Но при сложившихся обстоятельствах ничего из этого не вышло.
СтрахКогда почти через двое суток, утром, я брился у мраморного фонтанчика расположенной на холме виллы в Пьомбино, в парке которой мы провели день, появился обер-лейтенант со своими туалетными принадлежностями. Я хотел изобразить что-то вроде приветствия, но командир махнул рукой и стал умываться. Фонтанчик представлял собой выступавшее из стены дома скульптурное изображение головы грифа, из клюва которого вода лилась в большой бассейн из мрамора, напоминавшего желтую камчатную ткань. Во внутреннем дворике маленького дворца мы были одни.
— Откуда у вас, собственно, познания в итальянском? — спросил командир. Он был маленький, темноволосый, красивый, мускулистый, опасный. Свое обращение к нам перед отбытием из Дании он заключил словами: «Для тех, кто в бою вздумает не подчиниться, у меня в пистолете шесть патронов». Таков был господин обер-лейтенант Меске.

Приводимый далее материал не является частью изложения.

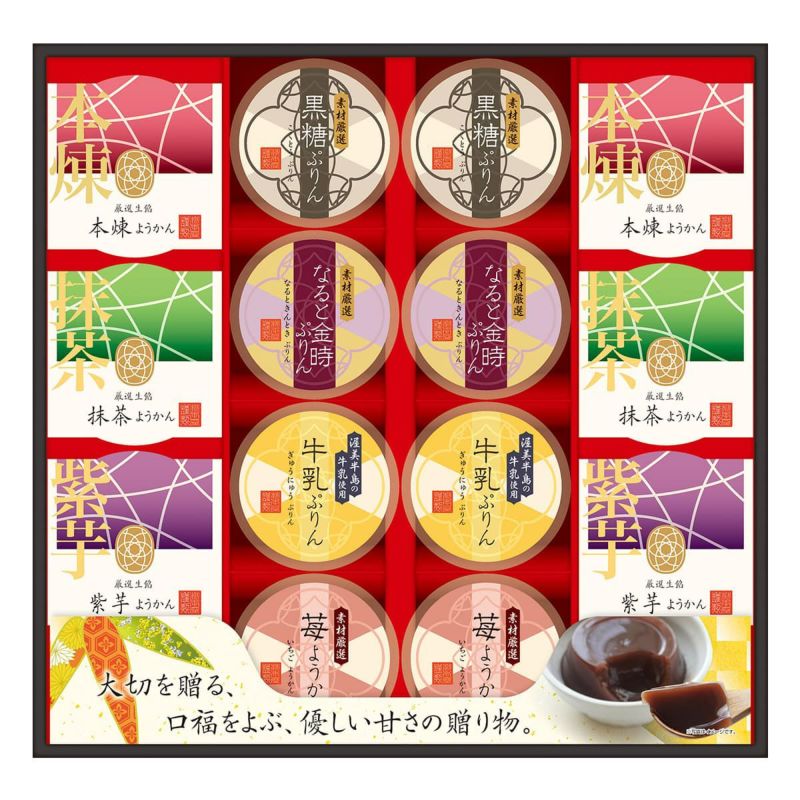 和洋の枠を超えたスイーツの詰合せで、贈り物にも、自分へのご褒美にもなるギフトです。

— Я бывал здесь несколько раз, еще в мирное время, — ответил я. И в ту же секунду подумал: ни слова больше, не показывать этому типу, что в чем-то разбираешься лучше, чем он.
— Вы уже слышали, — спросил он, — что англичане вырезали у итальянских перебежчиков в Африке зад на штанах и так погнали обратно? — Не дожидаясь ответа, он добавил: — Но они все равно никогда не научатся воевать.

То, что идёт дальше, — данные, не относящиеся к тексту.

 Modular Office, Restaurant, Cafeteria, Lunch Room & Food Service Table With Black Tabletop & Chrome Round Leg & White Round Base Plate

Шум тоненькой струйки воды прерывался, когда командир подставлял под нее голову и, отфыркиваясь, умывался. Я бдительно и напряженно следил за ним уголками глаз, тщательно выбривая при этом собственный подбородок. Через какое-то время он сказал:
— Как только будет передышка, я позабочусь, чтобы вам присвоили чин ефрейтора.
Значит, сработало, подумал я. Моя маскировка в порядке.
— Благодарю вас, господин обер-лейтенант, — сказал я громко. Командир кивнул.
Убрав бритвенные принадлежности, я пошел побродить по парку, в котором росли кипарисы, такие гигантские, какие мне доводилось видеть лишь на Вилле д’Эсте, могучие черно-зеленые колонны, в которых бесшумно тонул солнечный свет. Вдоль дорожек росли кусты лавра, а у стен тянулись вверх тонкие черные ветви давно отцветших глициний. Под деревьями спали солдаты. Это был легкий, овеянный тихим ветерком сон, южный сон в саду на склоне холма. Когда я остановился и, опершись па ограду, оглядел местность, то увидел сначала серебряную листву оливковых деревьев, покрывавших холмы, а потом пыльно-белую ленту молчащего, как смерть, шоссе.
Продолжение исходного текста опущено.